The CI issue seems bogus. It looks like some kind of connectivity problem.

git clone -q https://github.com/jedisct1/libsodium.git C:\projects\libsodium
remote: Not Found
fatal: repository 'https://github.com/jedisct1/libsodium.git/' not found
Command exited with code 128
svvac commented 3 years ago

Also, regarding possible side-effects from this option, it appears that its sole use is to control the presence of the offending handler, according to GitHub search in the emscripten repository.

Now the question might be what the consequences of not having the process exit might be in the case of libsodium. I found some (unconclusive) discussion around that topic in emscripten#11532.

From what I understand, it is mostly here to enforce error handling in node if case the --unhandled-rejections=strict is not enabled in the engine, which I think is the responsibility of the user of the library. And as a library, I don't think libsodium is intended to crash the process on its end. This is substantiated by the fact that libsodium.js actively attempts to work around this behavior on its end.
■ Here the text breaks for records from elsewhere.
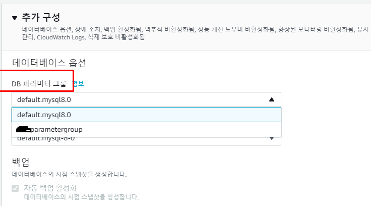 그리고 하단쪽에 추가구성에가면 파라미터그룹을 설정할 수 있다.
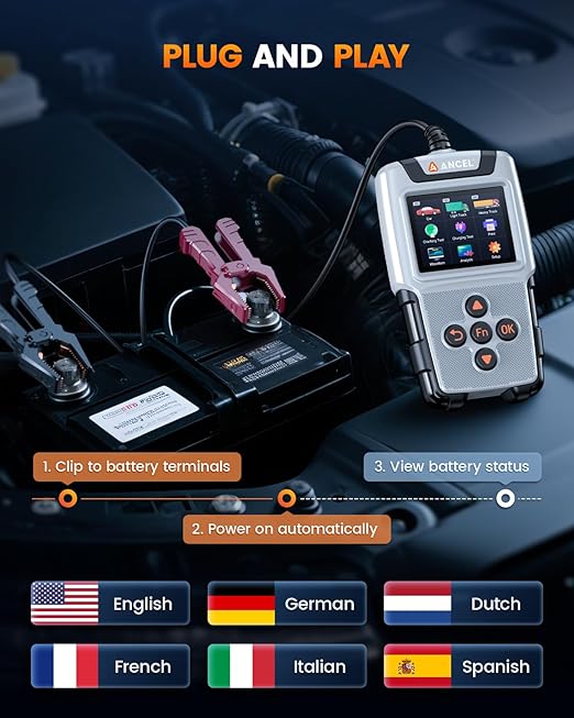 - User-Friendly Design: Enjoy true plug-and-play use with no external charging or battery required. Multi-language support (13 languages including English, Chinese, and German) makes it ideal for global users. Stores up to 1400 test records across battery, cranking, charging, and voltage curve tests for easy review anytime.
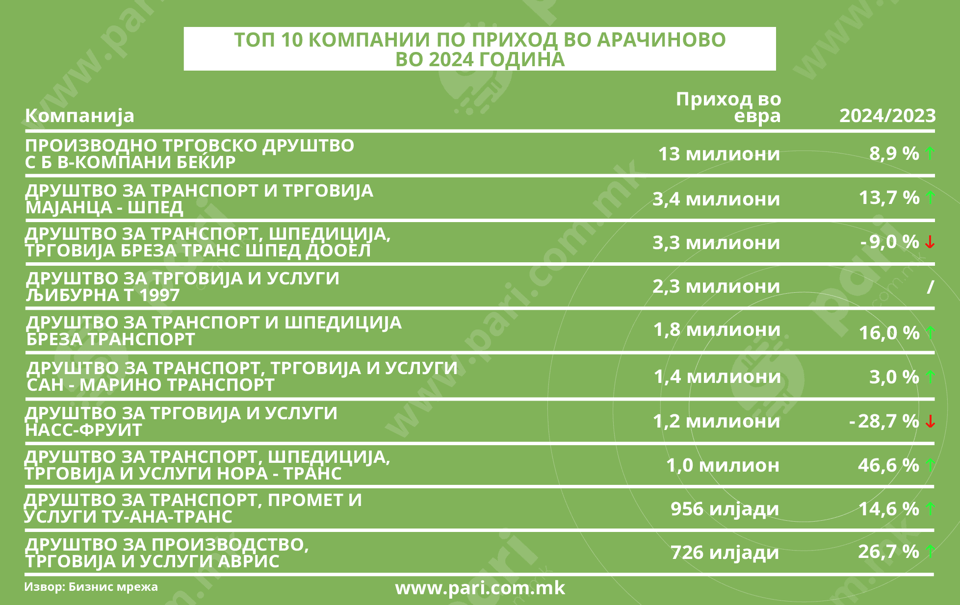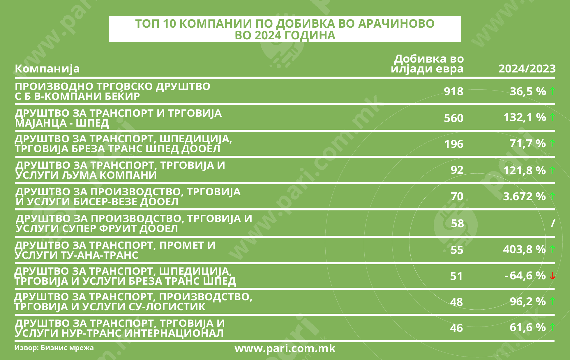 Податоците покажуват дека на бизнисот во Арачиново лани му одело подобро отколку во 2023 година. Сите компании, освен транспортно-шпедитерската БРЕЗА ТРАНС ШПЕД (пад на добивката од 64,6 насто), имале раст на добивките и тоа од 36,5 насто (С Б В-КОМПАНИ Беќир) до дури 3.672 насто (Друштвото за производство, трговија и услуги БИСЕР-ВЕЗЕ ДООЕЛ).
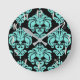 Horloge Ronde Turquoise Turquoise & Noir Damas Moderne Personnal
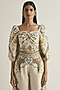 Featuring a multi-colored cropped top in viscose linen base with smocking details, parrot print and an overlapped tie-up knot. This contains only one piece.
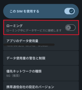 3.「データローミング」のスイッチをONにする
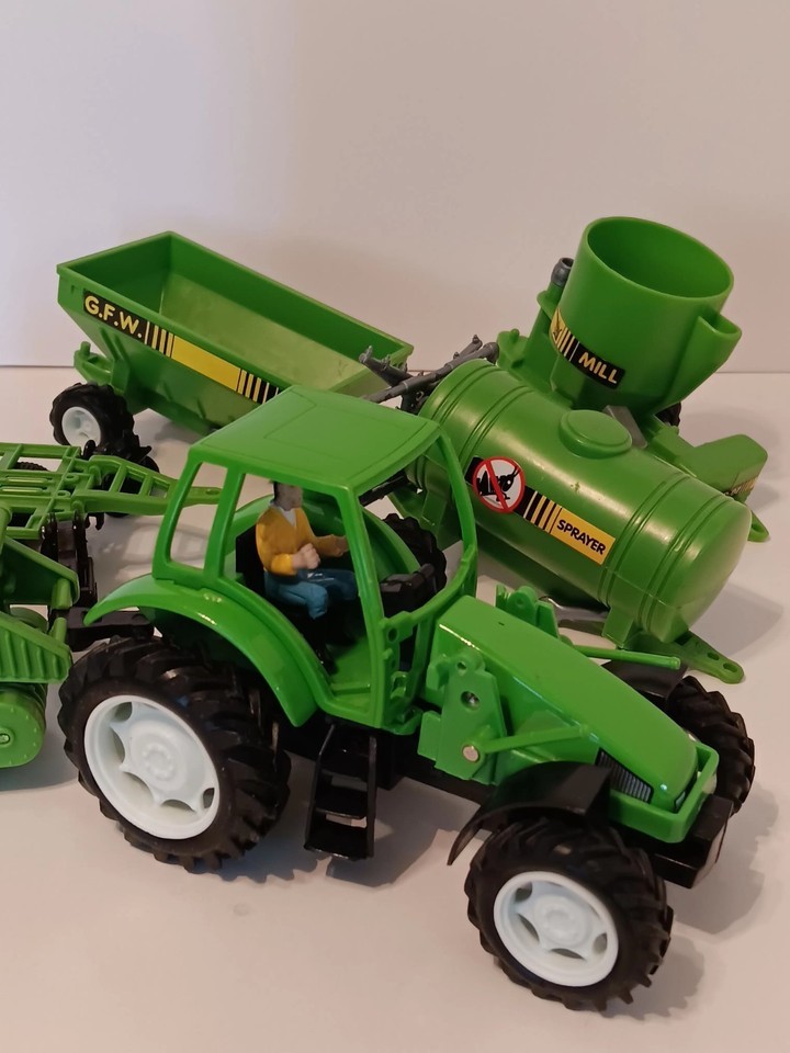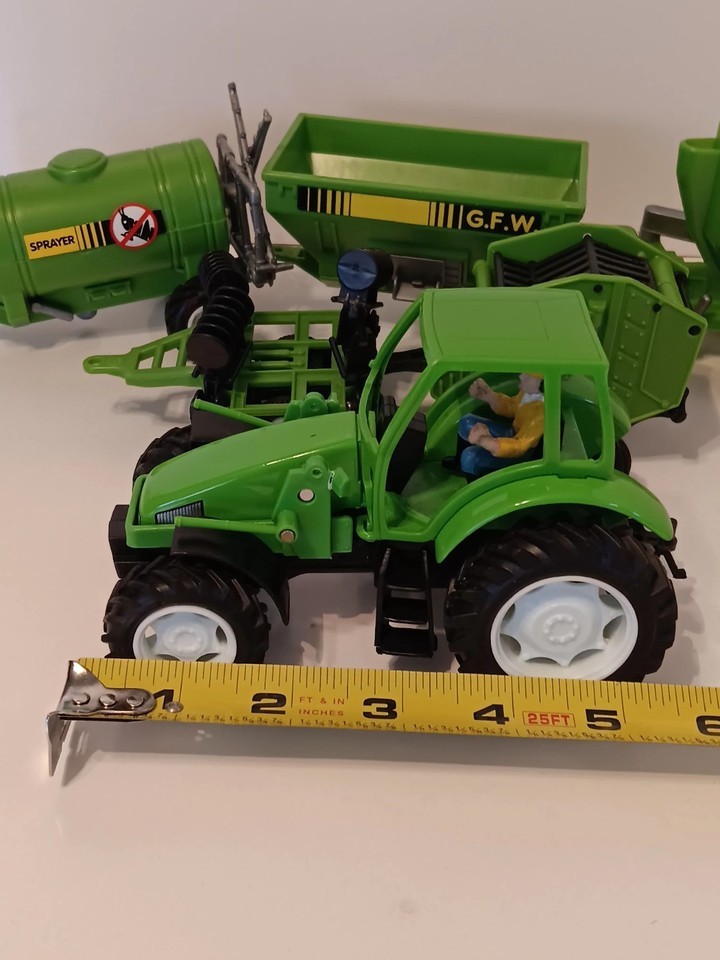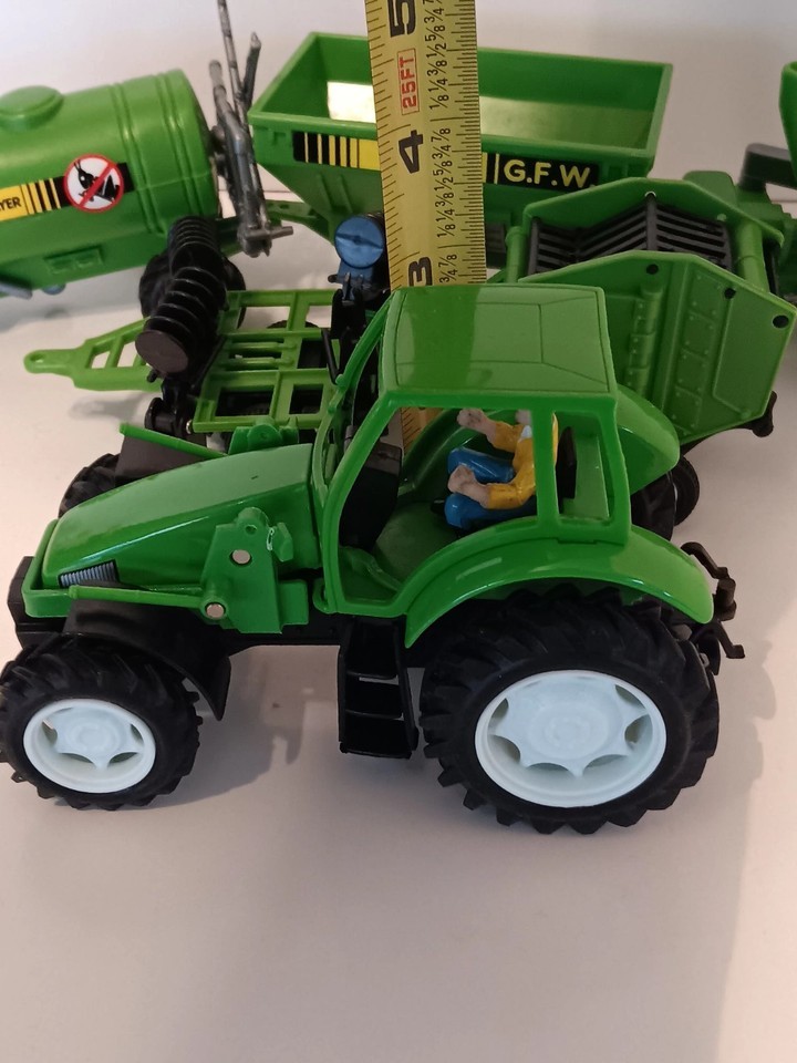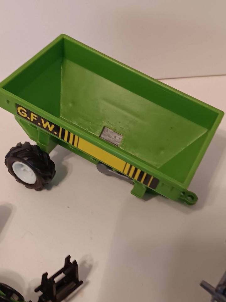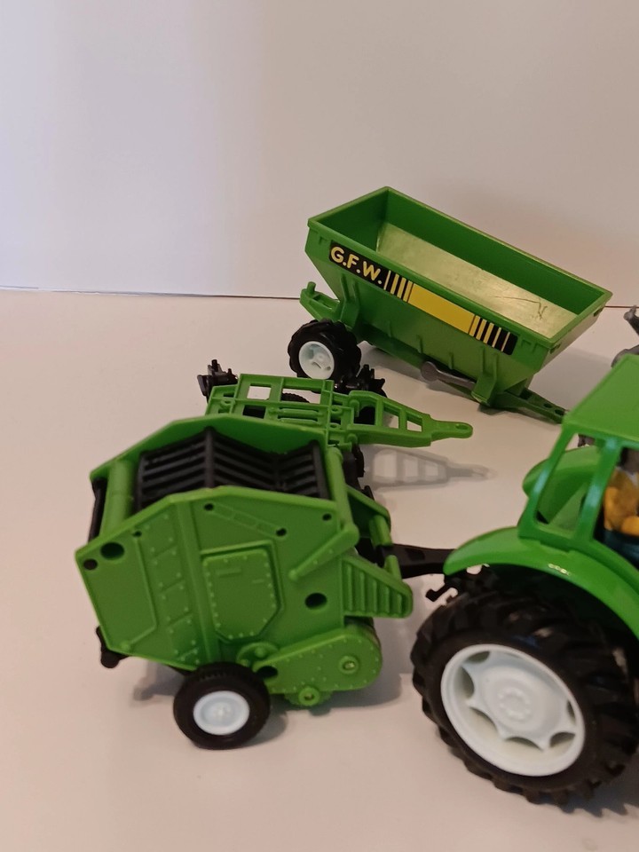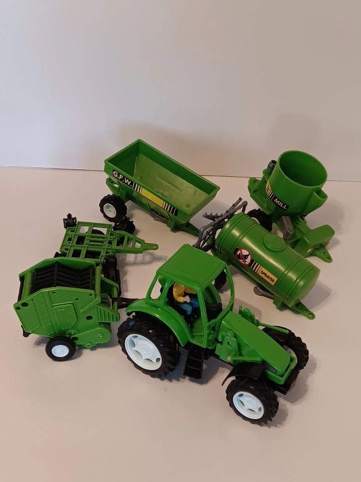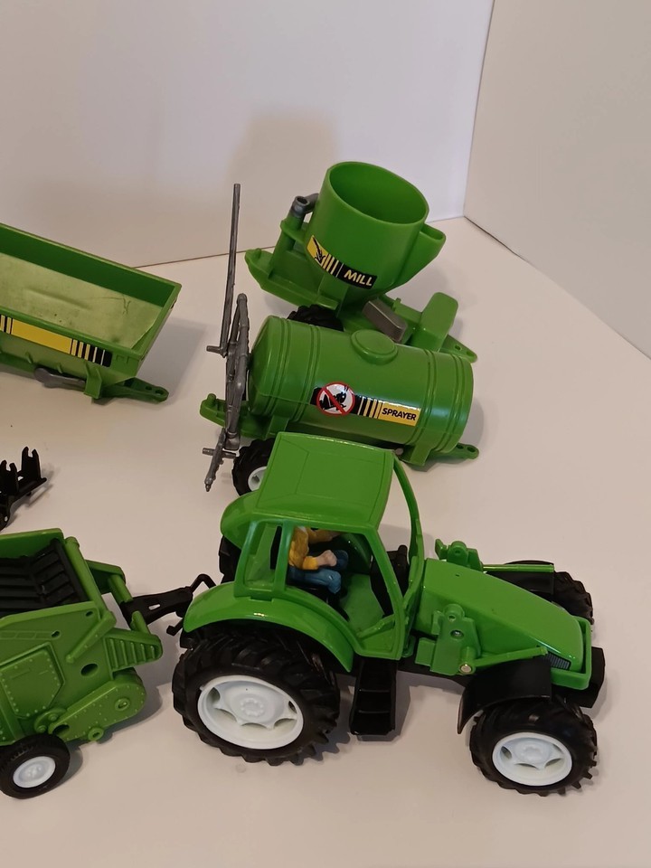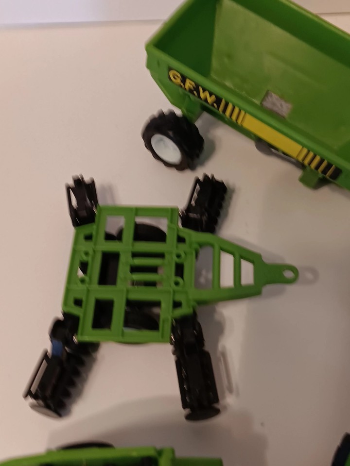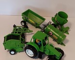 This is a mixed lot of 6 farm equipment toys, featuring toy trailers and a tractor in a farm theme. The tractor is made of diecast and plastic materials, while the trailers are made of plastic. The color of the vehicles is green, adding to the farm aesthetics of the set. The lot is described to have some damage and missing parts, which adds a realistic touch to the toy vehicles, making them suitable for farm play scenarios. Normal wear. See Pictures. All sizes are approximate.
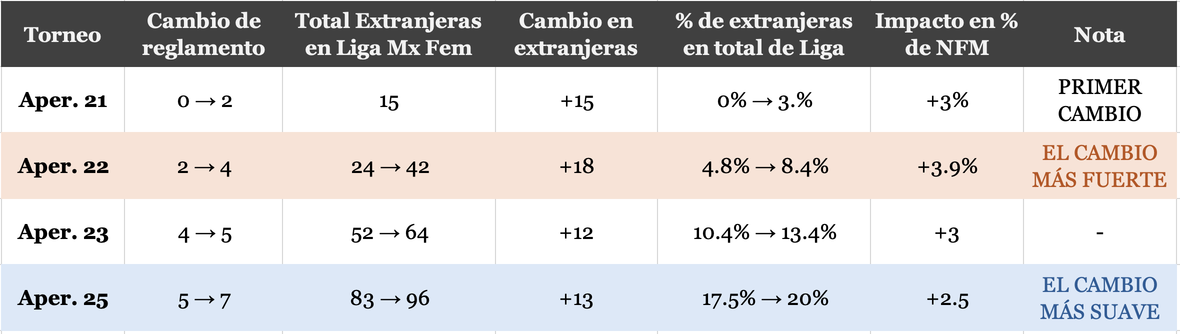 Cada vez que la Liga ha modificado el reglamento, el crecimiento porcentual de extranjeras ha sido de 3%, 3.9%, o 3%. Esta vez fue 2.5%. Por primera vez, el cambio fue ligeramente menor que todos los anteriores.
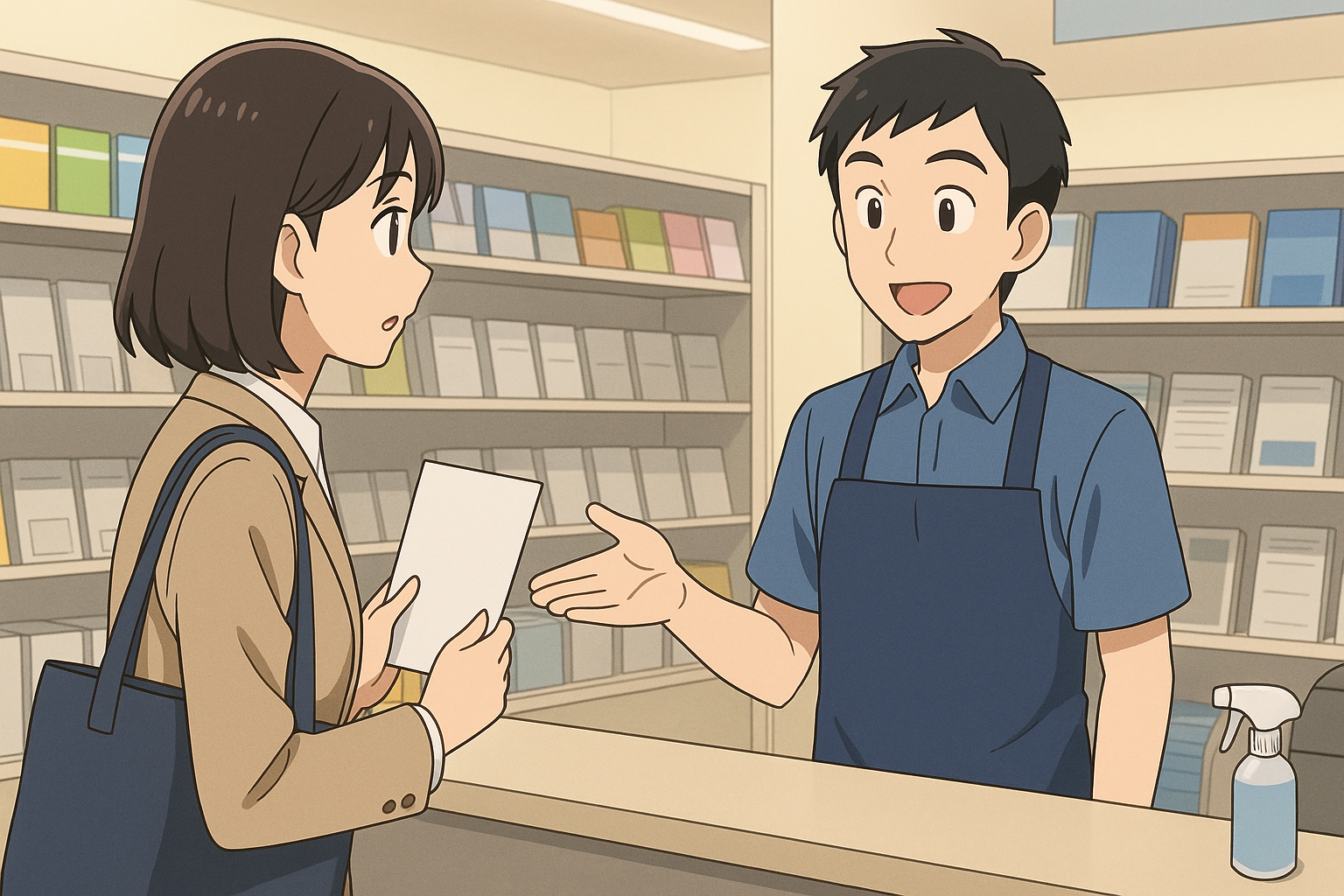 在庫ありと確認できた店舗に着いたら、文具コーナー周辺を中心に探します。履歴書は、ノートやコピー用紙、封筒、ファイル類の近くに並んでいることが多いです。

Sorry for the noise, thinking out loud here. I don't like fiddling around in critical code I don't understand without explaining my (limited) reasoning for review.

jedisct1 commented 3 years ago

Can you check whether it actually fixes the issue you were reporting?

Since the changes would need to go to stable, we need to be very careful about possibly breaking changes.

svvac commented 3 years ago

My problem was with libsodium.js removing my process handlers to work around the forced process.exit() calls added by emscripten. This is gone after libsodium.js#265 (quick check with grep in a comment on that PR). I do not know of a reproduction test for checking the behavior of the thrown exceptions, but I explained above why I think this should not break things.